I was thinking of naming mine "The Garden", so that if the wife asks I'm out in the garden.


----------



## NoelMc (Feb 6, 2010)

"Miralte"
"The Boat" in a local indingenous dialect.
There is an amazing story about two kids who had an amazing journey to see their first ever boat (desert people).
However, in respect, i think i would like to ask permission.


----------



## Barrabundy (Sep 29, 2008)

My wife once referred to mine as _"that f'ing litle yellow boat"_ but I haven't named it because I can't think of a cool unique name.


----------



## Fisherholic18 (Dec 11, 2010)

I was thinking of naming mine assasination, this is because i will sneak up on the fish, and they will fall prey to my range of lures mwahahahaha


----------



## margray1962 (Jan 8, 2008)

Hi my mate Joe and i have just recently finished building our own kayaks okwata 15s when we were nearing completion joe asked his wife what he should call it , as quick as a flash she said "white elephant".He has now mounted a small white elephant on the bow .and is using his yak regularly to try to prove her wrong.
P.s. I did not ask my wife for a name 
regards cridgie


----------



## johnny (Aug 12, 2007)

never named yak but my boats are given names..ss minnow..scharnhorst....bismarck..graf spee


----------



## Evoids (Jan 10, 2009)

My yak is called Agent Orange, because it's orange and it sounds cool. :lol:


----------



## alcbb (Dec 2, 2008)

i have a tempo, nicked named "the barge"


----------



## Scruffy (Nov 9, 2008)

I was going to name my AI old Yella but that name is taken so I think I will name it the Golden Girl ( Goldy) for short.
That show the Golden Girls used to crack me up.Got a lot of pleasure from watching it.Hopefully I will get as much pleasure 
from my Golden Papaya AI.


----------



## Sim (Mar 8, 2011)

tomca said:


> my Pacer was named Sharkbait after an incident with a Brisbane River bullshark.
> My first hobie was 2nd hand and at that stage unnamed, but after an encounter with what seemed a massive tiger shark in Moreton Bay named it Orca. That hull cracked a few years later and took a lot of water offshore, so the replacement hull was christened Unsinkable 2.
> I agree that the name must come to you or at the least have some sort of meaning to you


 :shock: 
I was a bit concerned it said Unsinkable 11 for a moment there..


----------



## andybear (Jan 15, 2006)

Hi all,
I think my yaks name is officially andybear now. I bought an EPIRB recently, and in the registration process, indicated the ships name as andybear, and as its callsign. I guess there is no getting away from it now, 'cos its very unlucky to change the name of a boat or ship 8)
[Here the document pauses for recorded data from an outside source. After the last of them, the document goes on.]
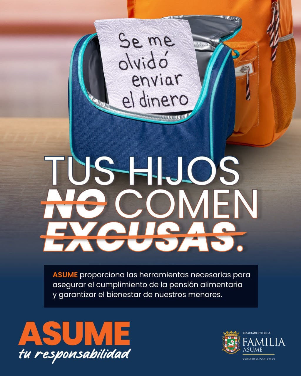 La Administración para el Sustento de Menores (ASUME), adscrita al Departamento de la Familia, promueve la importancia de cumplir con la obligación alimentaria, reforzando la responsabilidad de las partes no custodias en el bienestar de sus hijos con Tus hijos no comen excusas, una iniciativa que comenzó hoy y está dirigida a crear conciencia.
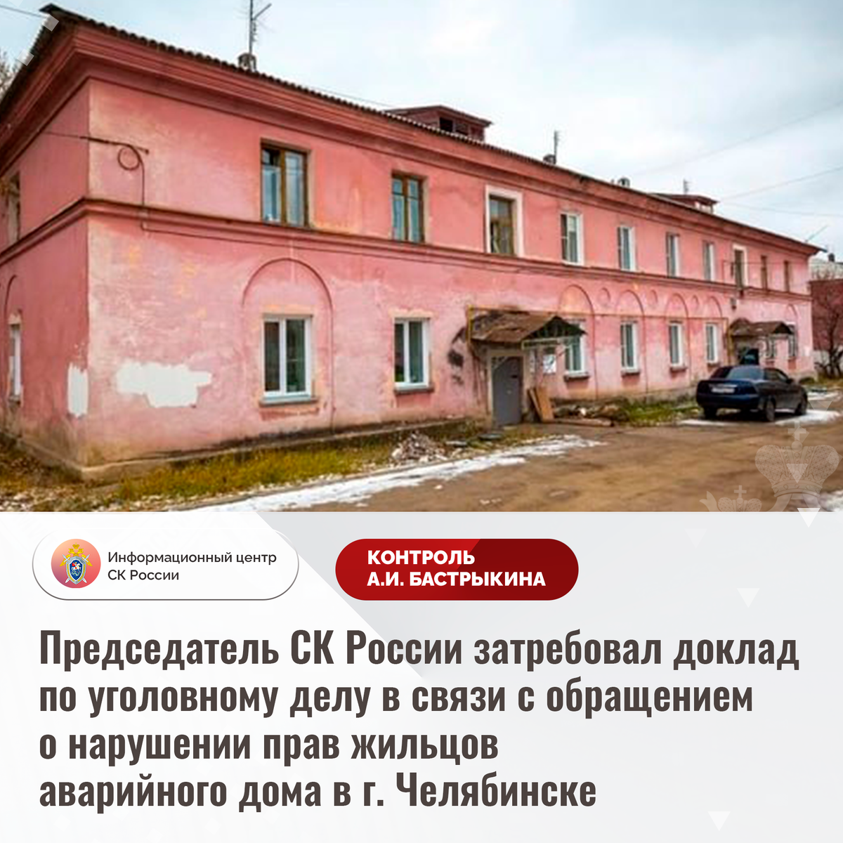 Председатель СК России затребовал доклад по уголовному делу в связи с обращением о нарушении прав жильцов аварийного дома в г. Челябинске В Информационный центр СК России поступило обращение по вопросу длительного нерасселения жильцов многоквартирного дома на улице Новороссийской в городе Челябинске. Двухэтажное здание 1948 года постройки находится в непригодном состоянии: несущие конструкции и потолочные перекрытия разрушаются, инженерные системы изношены, что приводит к регулярным коммунальным авариям и затоплению подвального помещения. Несмотря на признание строения аварийным в 2021 году, до настоящего времени благоустроенное жилье собственникам не предоставлено. Обращения в различные инстанции результатов не принесли. В СУ СК России по Челябинской области возбуждено уголовное дело. Председатель Следственного комитета Российской Федерации Александр Иванович Бастрыкин затребовал у и.о. руководителя СУ СК России по Челябинской области Константина Владимировича Правосудова доклад о пр
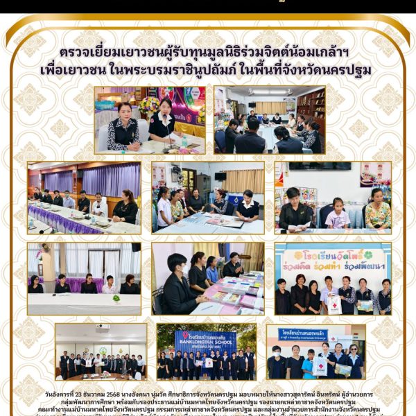วันที่ 23 ธันวาคม 2568 นางอังคนา นุ่มวัด ศึกษาธิการจังหวัดนครปฐม มอบหมายให้นางสาวสุดารัตน์ อินทรัตน์ ผู้อำนวยการกลุ่มพัฒนาการศึกษา พร้อมกับรองประธานแม่บ้านมหาดไทยจังหวัดนครปฐม รองนายกเหล่ากาชาดจังหวัดนครปฐม คณะทำงานแม่บ้านมหาดไทยจังหวัดนครปฐม กรรมการเหล่ากาชาดจังหวัดนครปฐม และกลุ่มงานอำนวยการสำนักงานจังหวัดนครปฐม ร่วมตรวจเยี่ยมเยาวชนผู้รับทุนมูลนิธิร่วมจิตต์น้อมเกล้าฯ เพื่อเยาวชน ในพระบรมราชินูปถัมภ์ ในพื้นที่จังหวัดนครปฐม จำนวน 7 คน ได้แก่ 1)เด็กชายกรวิชญ์ สระหงษ์ทอง ระดับชั้น ป.5 โรงเรียนบ้านหนองพงเล็ก 2)เด็กหญิงณัฐฐาพนิตตา แซ่ตั๊น ระดับชั้น ป.6 โรงเรียนบ้านคลองตัน 3)เด็กชายธรรมสิริ กวินธนเจริญ ระดับชั้น ม.2 โรงเรียนวัดโพธิ์ 4)เด็กหญิงชลนิชา ห้วยหงษ์ทอง ระดับ ม.3 โรงเรียนคงทองวิทยา 5)เด็กชายธนวินท์ สามงามนุ ระดับชั้น ม.3 โรงเรียนคงทองวิทยา 6)เด็กหญิงธิดาดิน สระทองแมว ระดับชั้น ป.3 โรงเรียนวัดแหลมมะเกลือ 7)เด็กชายศิริโชค พิสินนาวงษ์ ระดับชั้น ม.3 โรงเรียนศรีวิชัยวิทยา
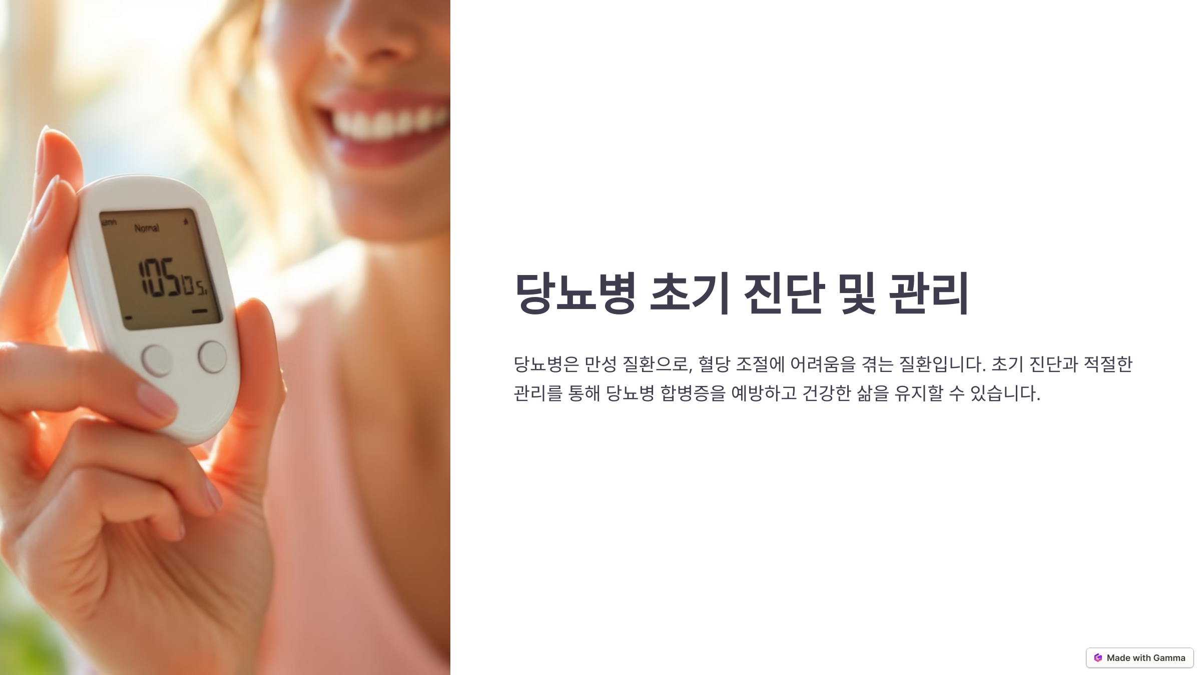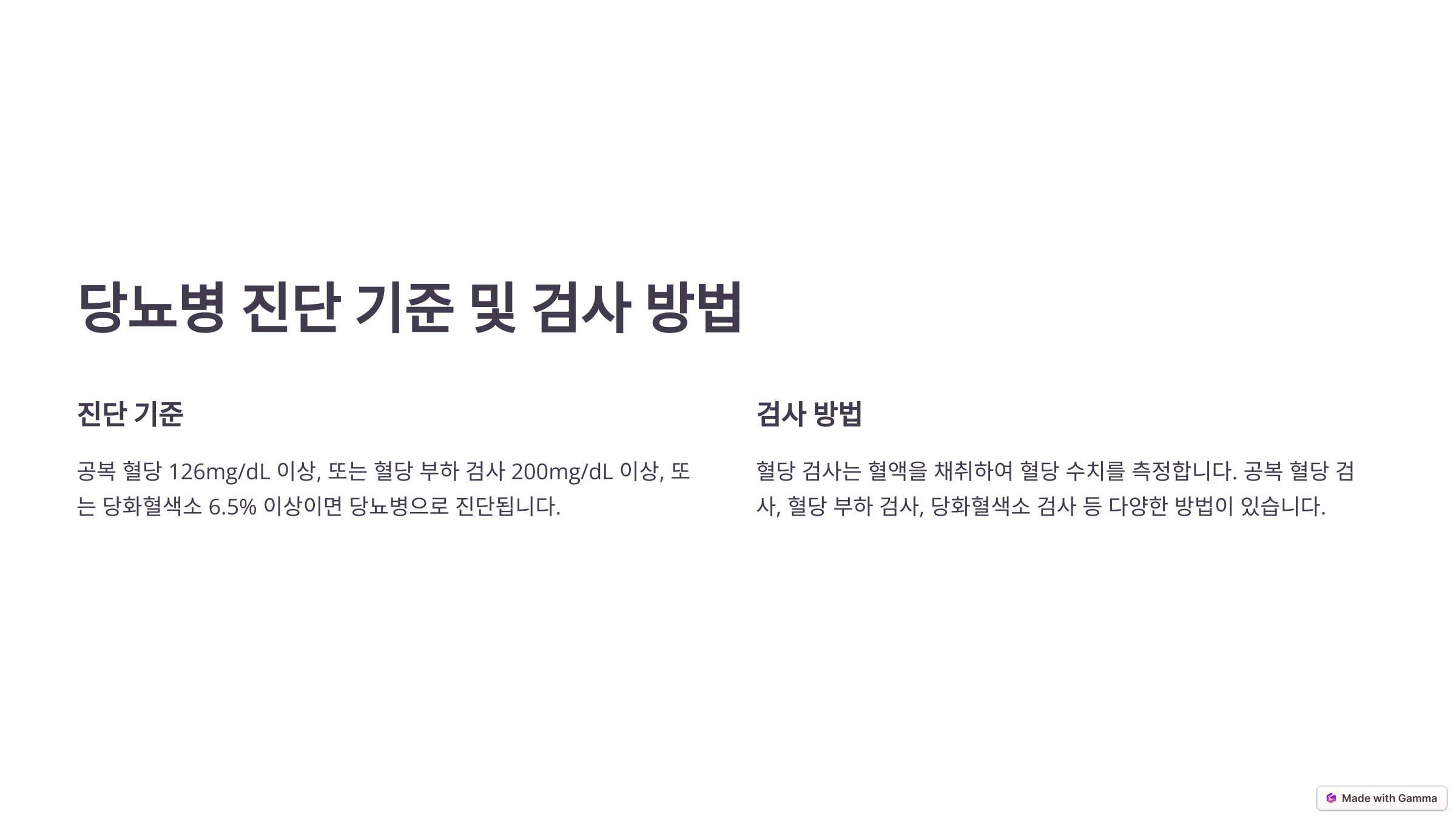 ✅ 공복 혈당 검사: 8시간 이상 공복 후 측정하며, 100~125mg/dL이면 당뇨 전단계로 판단해요.
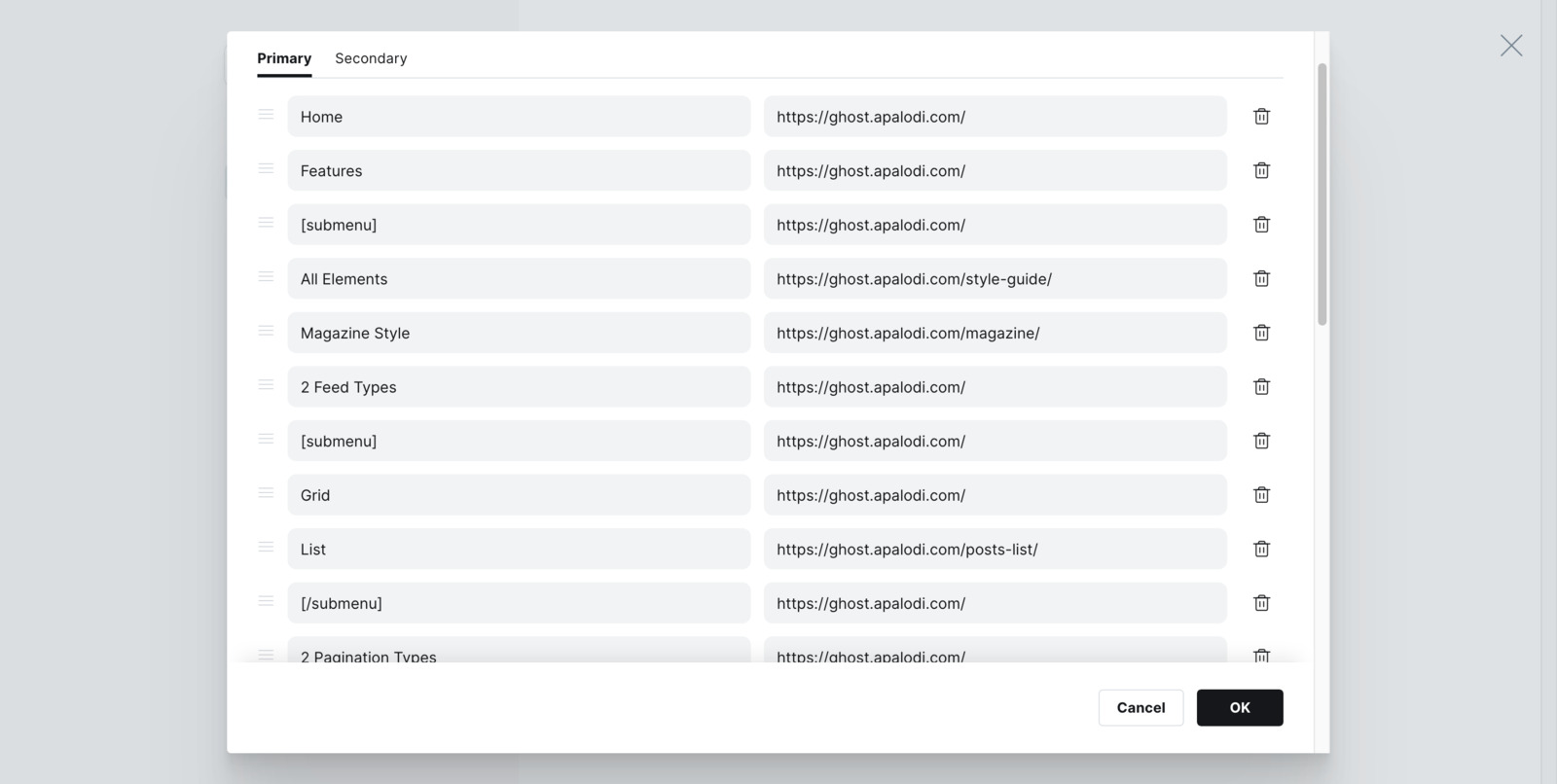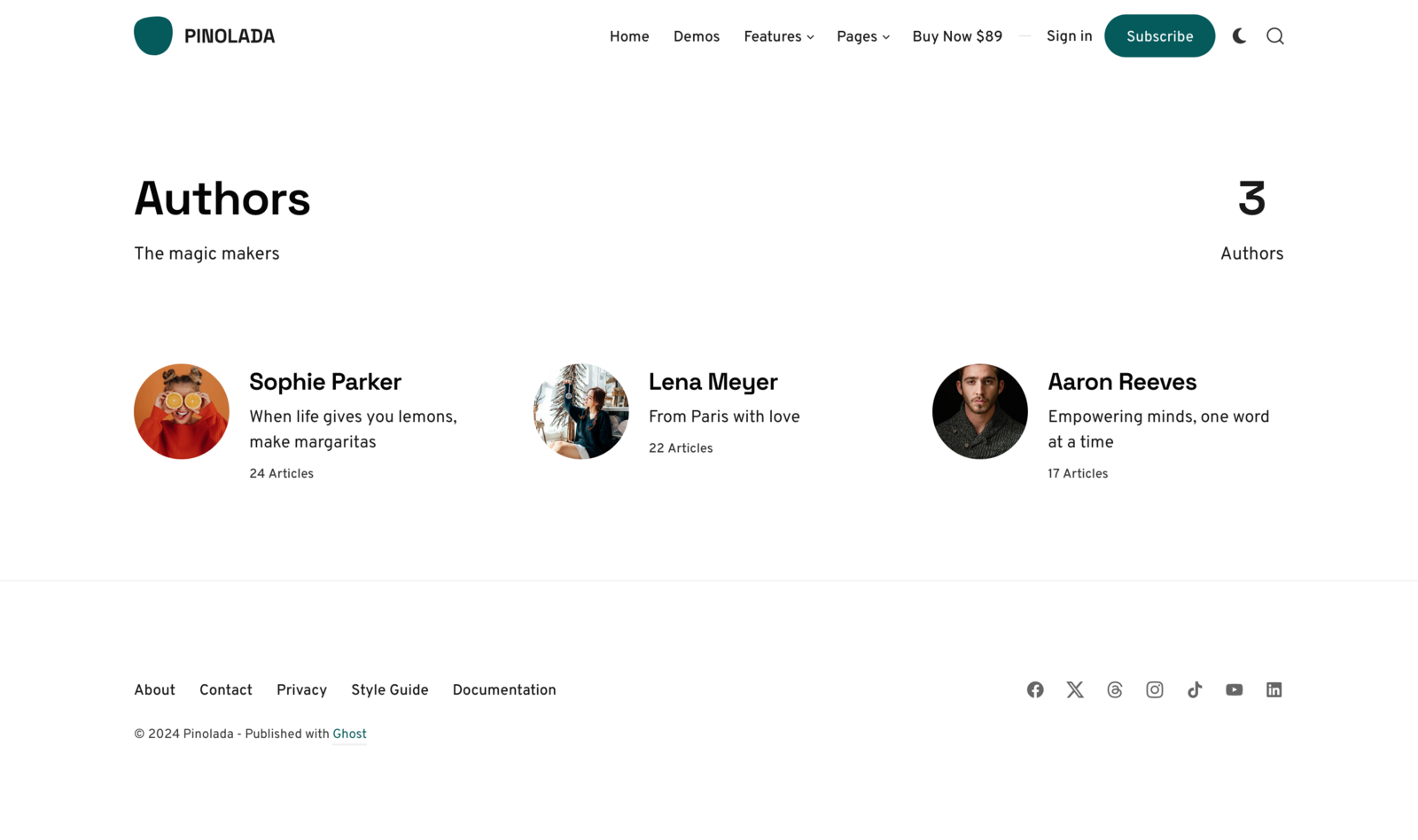 Example https://facebook.com/ghost, https://instagram.com/ghost, https://tiktok.com/ghost, https://linkedin.com/ghost, https://youtube.com/ghost

Cheers andybear....and the ship andybear :lol:


----------



## eagle4031 (Jan 29, 2010)

mine will be called eagle
does anyone know where you can get the name in reflective material


----------



## eagle4031 (Jan 29, 2010)

Fozzy said:


> My AI is Named "Plastic Pleasure"
> 
> Mainly cos it sounds dirty and im quite Juvenile


wont be funny if you get a whole in it - the kayak or the other


----------



## roscoe (Feb 11, 2011)

R Sup.

That's how I ended up the first time in tried to get out of it on a slippery ramp.


----------



## scoman (Oct 4, 2010)

was going to name my yak *"carnaffordaboat"* when I first got her, which reflected my mentality at the time. However now I have discovered the joys of kayak fishing Im not sure I would give up the yak if I could afford a boat.


----------



## greenfish (Apr 9, 2009)

Hi all, having a bright red Nataive watercraft the name came quite quickly as it attacks fish from every direction "THE RED BARON"
But having a father whos an ex RAF lancaster bomber pilot I had to draw the line at putting swastikas on it.........Greenfish


----------



## legs2691 (Jun 19, 2010)

I bought my tempo second hand, and the previous owner had moved fitting around all over the boat, but hadn't sealed off any of the old screw holes.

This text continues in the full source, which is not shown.